작품 상세

Property of a Nebraska Lady. BODMER, Karl (1809-1893). Massika, Saki Indian / Wakusasse, Musquake Indian, Tab., 3. Aquatint engraving with original hand color. From "Travels in the Interior of North America". J. Holscher, Coblenz; Bertrand, Paris; Ackermann & Co., London: 1832-1843. 16" x 19 1/2" visible, 24 3/4" x 28" framed. Karl Bodmer was a little-known Swiss painter when he was chosen by Prince Maximilian of Prussia to accompany his voyage to America. With the rest of Maximilian's company, the two traveled among the Plains Indians from 1832 to 1834, a time when the Plains and the Rockies were still virtually unknown.

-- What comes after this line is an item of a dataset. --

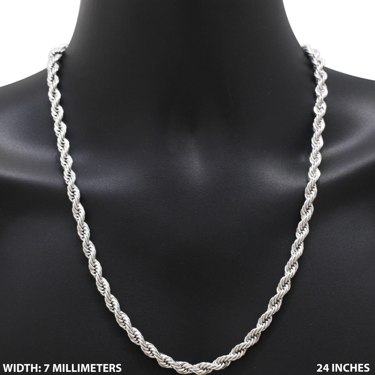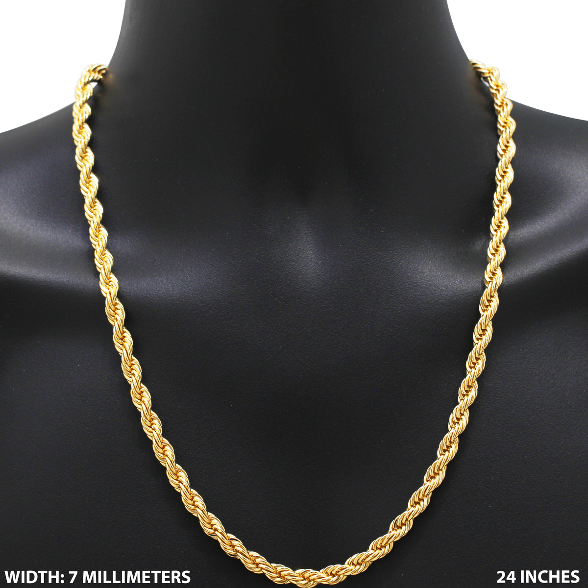 316L Stainless Steel 18k Gold Plated 7mm Rope Chain Necklace Bracelet 8”-24”

They arrived in the West before acculturation had begun to change the lives of the Indians, and Bodmer, who was a protege of the great naturalist von Humboldt, brought a trained ethnologist's eye to the task. The Bodmer/Maximilian collaboration produced a record of their expedition that is incontestably the finest early graphic study of the Plains tribes. These prints rank with the finest Western art in any medium, and they are the most complete record of the Plains Indians before the epidemics of the mid-19th century had decimated their numbers, and before the white man's expansion had taken their lands.